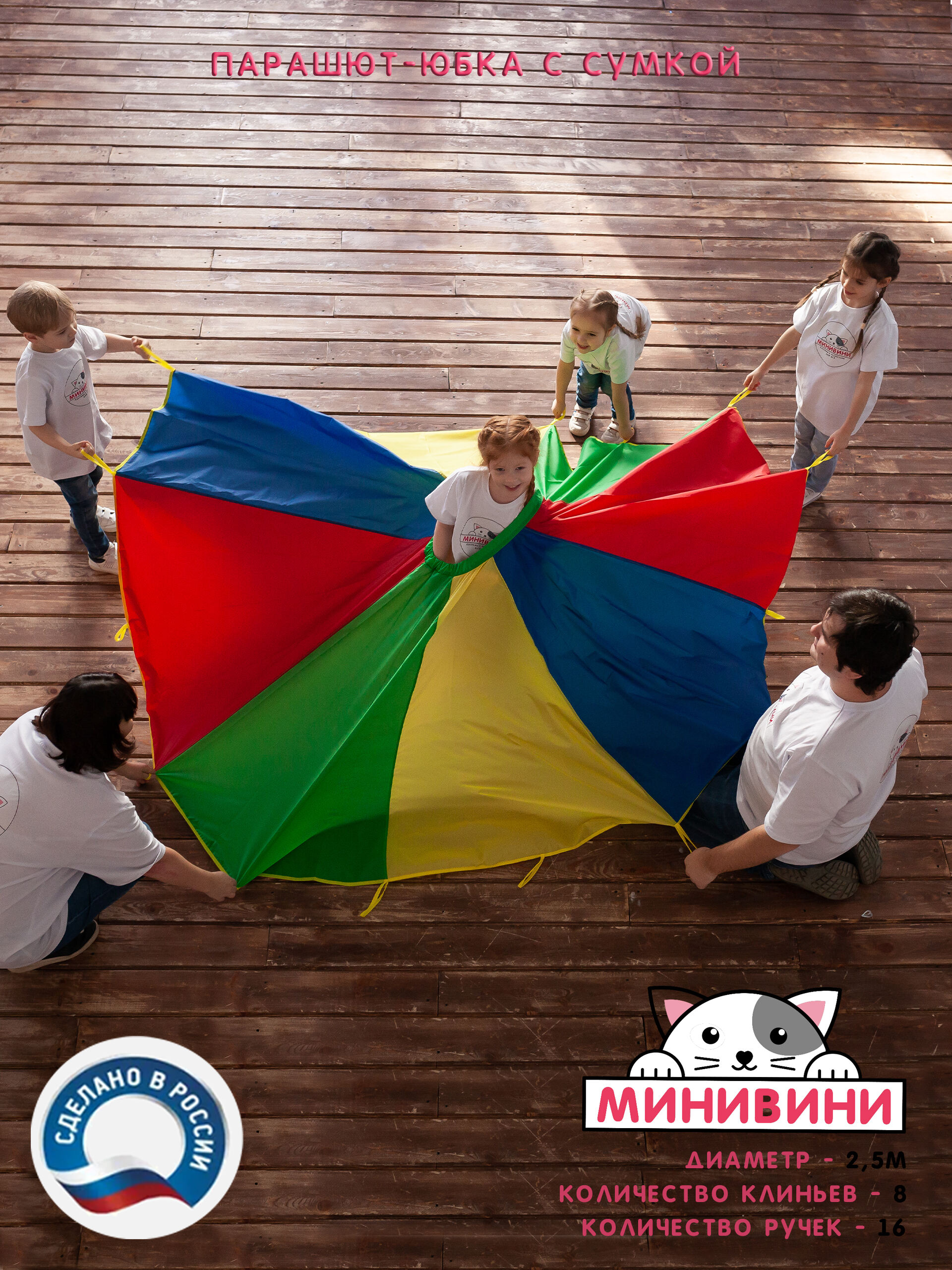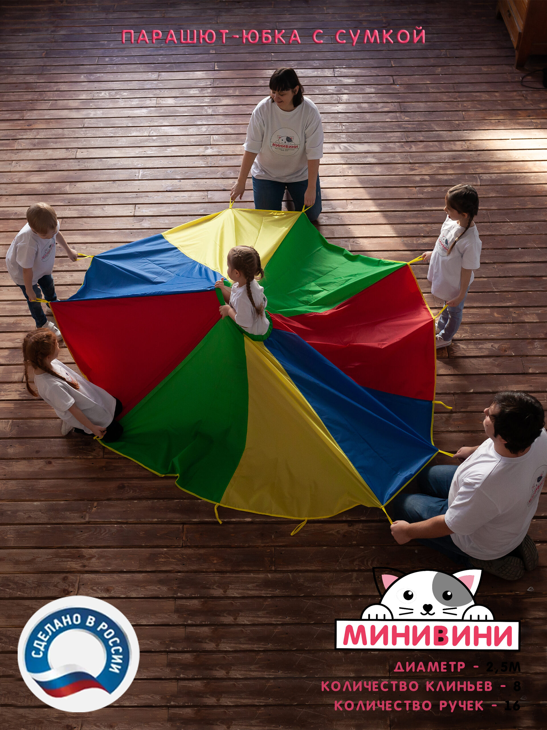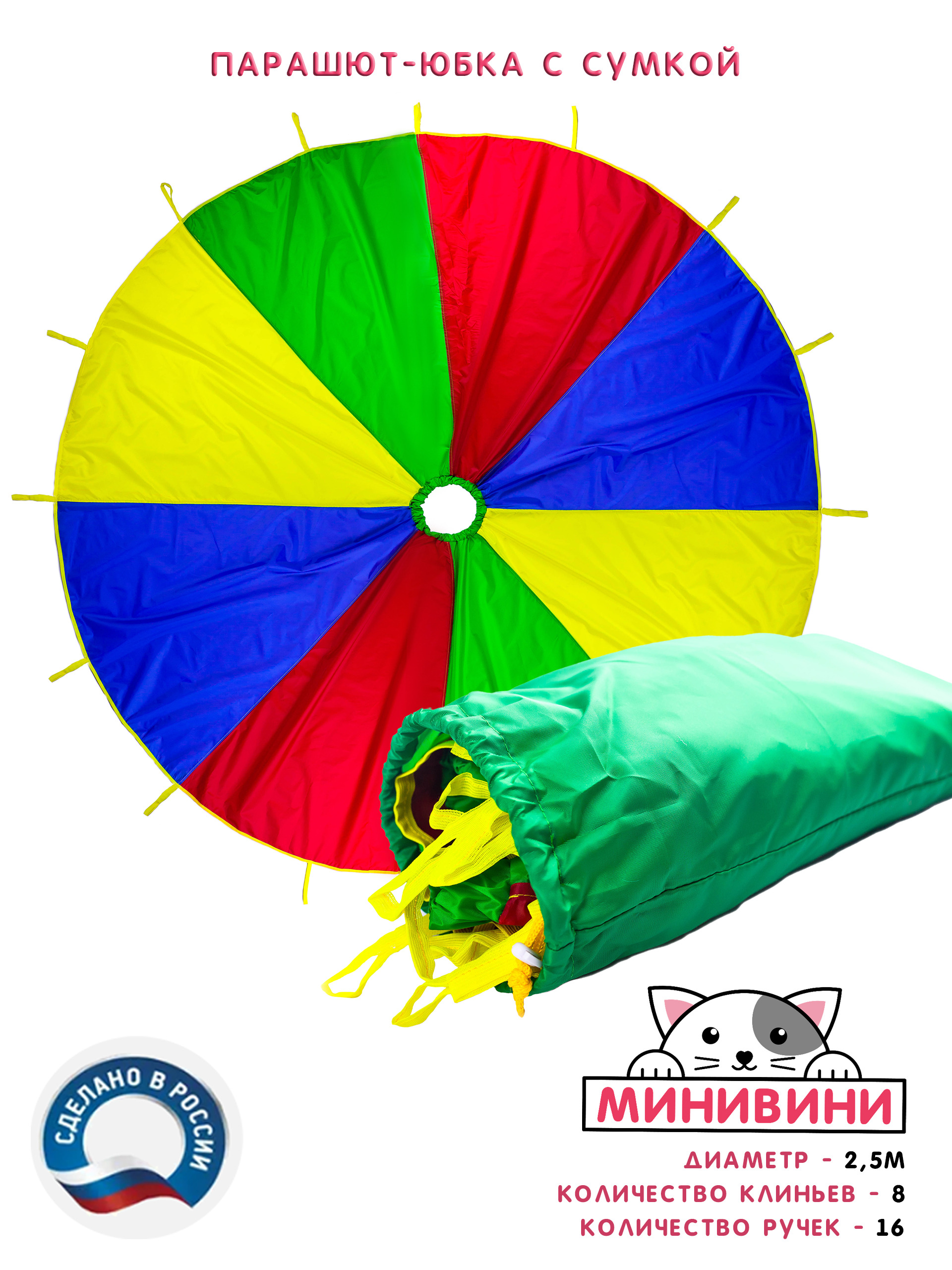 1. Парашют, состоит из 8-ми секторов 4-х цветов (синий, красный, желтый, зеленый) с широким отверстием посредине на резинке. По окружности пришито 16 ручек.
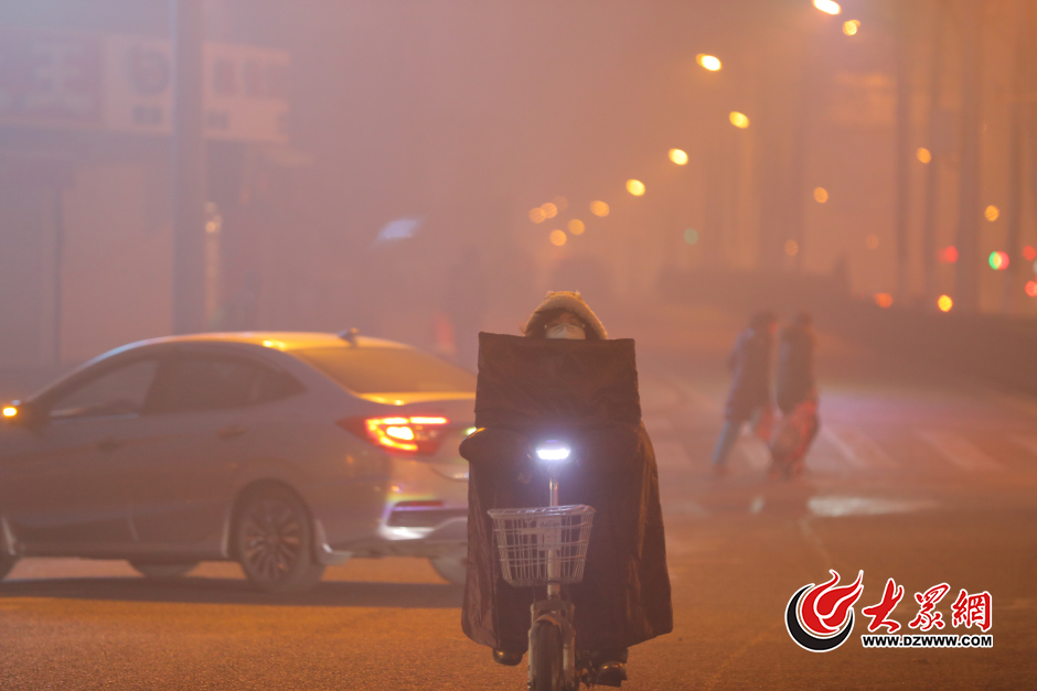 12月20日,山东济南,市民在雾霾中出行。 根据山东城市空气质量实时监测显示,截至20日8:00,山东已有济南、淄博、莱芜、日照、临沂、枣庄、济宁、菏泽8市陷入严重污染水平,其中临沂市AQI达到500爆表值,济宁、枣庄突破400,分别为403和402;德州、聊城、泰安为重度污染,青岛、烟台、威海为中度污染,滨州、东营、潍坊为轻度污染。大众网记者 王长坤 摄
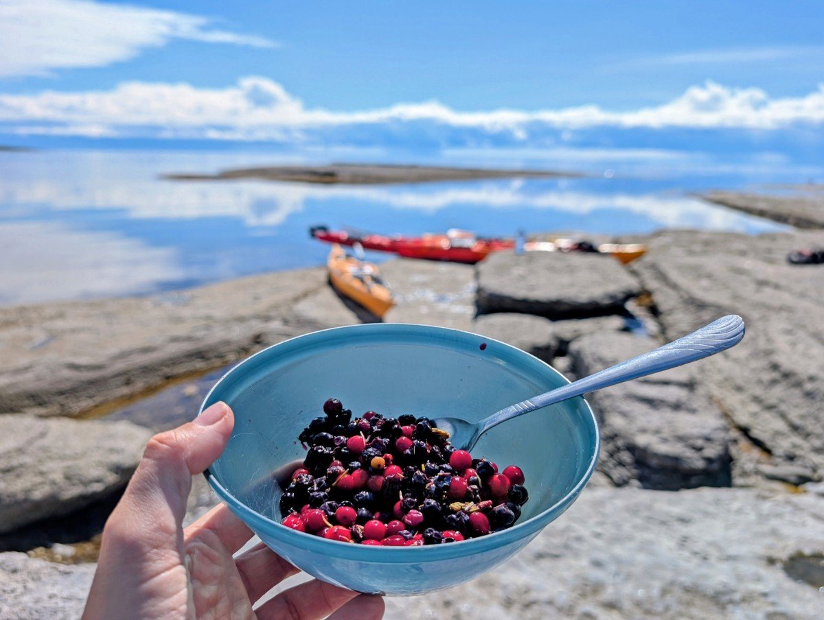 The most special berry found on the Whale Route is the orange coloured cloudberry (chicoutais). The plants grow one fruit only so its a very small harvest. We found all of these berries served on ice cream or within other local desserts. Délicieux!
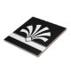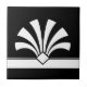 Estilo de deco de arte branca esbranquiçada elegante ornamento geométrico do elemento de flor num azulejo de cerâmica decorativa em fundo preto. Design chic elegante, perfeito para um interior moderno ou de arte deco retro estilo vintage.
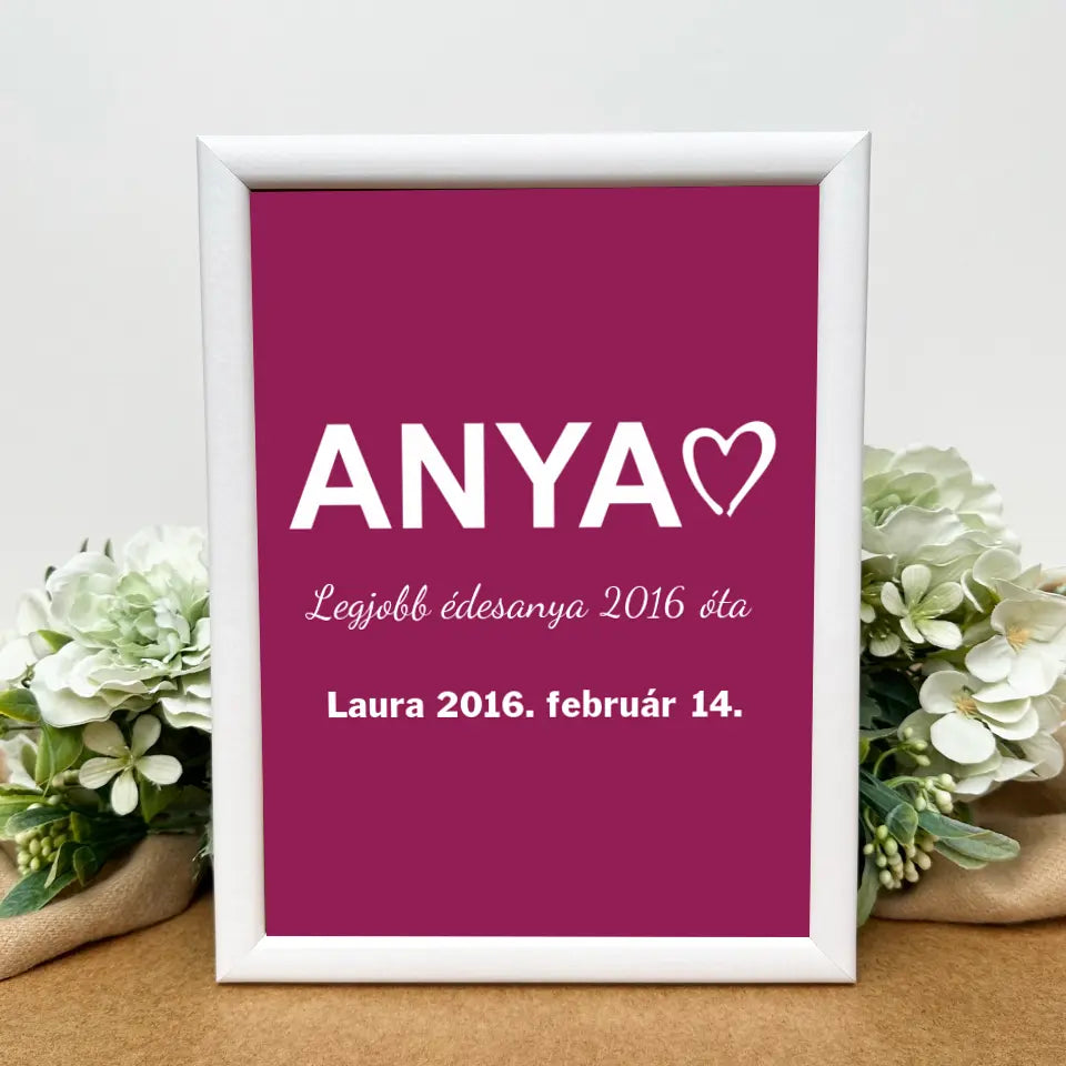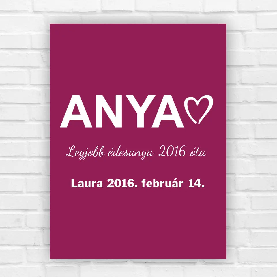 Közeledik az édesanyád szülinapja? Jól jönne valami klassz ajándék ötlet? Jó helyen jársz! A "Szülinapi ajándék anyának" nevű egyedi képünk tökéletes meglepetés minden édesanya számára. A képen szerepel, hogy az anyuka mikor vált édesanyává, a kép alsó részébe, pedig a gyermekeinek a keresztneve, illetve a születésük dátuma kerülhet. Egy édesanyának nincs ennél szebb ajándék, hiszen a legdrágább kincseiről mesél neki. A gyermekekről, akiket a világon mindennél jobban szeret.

--------------------

> [WORK REQUEST]: Please print each record above again exactly, but omit any pictures.

> [ANSWER BELOW]:
 1. Парашют, состоит из 8-ми секторов 4-х цветов (синий, красный, желтый, зеленый) с широким отверстием посредине на резинке. По окружности пришито 16 ручек.
 12月20日,山东济南,市民在雾霾中出行。 根据山东城市空气质量实时监测显示,截至20日8:00,山东已有济南、淄博、莱芜、日照、临沂、枣庄、济宁、菏泽8市陷入严重污染水平,其中临沂市AQI达到500爆表值,济宁、枣庄突破400,分别为403和402;德州、聊城、泰安为重度污染,青岛、烟台、威海为中度污染,滨州、东营、潍坊为轻度污染。大众网记者 王长坤 摄
 The most special berry found on the Whale Route is the orange coloured cloudberry (chicoutais). The plants grow one fruit only so its a very small harvest. We found all of these berries served on ice cream or within other local desserts. Délicieux!
 Estilo de deco de arte branca esbranquiçada elegante ornamento geométrico do elemento de flor num azulejo de cerâmica decorativa em fundo preto. Design chic elegante, perfeito para um interior moderno ou de arte deco retro estilo vintage.
 Közeledik az édesanyád szülinapja? Jól jönne valami klassz ajándék ötlet? Jó helyen jársz! A "Szülinapi ajándék anyának" nevű egyedi képünk tökéletes meglepetés minden édesanya számára. A képen szerepel, hogy az anyuka mikor vált édesanyává, a kép alsó részébe, pedig a gyermekeinek a keresztneve, illetve a születésük dátuma kerülhet. Egy édesanyának nincs ennél szebb ajándék, hiszen a legdrágább kincseiről mesél neki. A gyermekekről, akiket a világon mindennél jobban szeret.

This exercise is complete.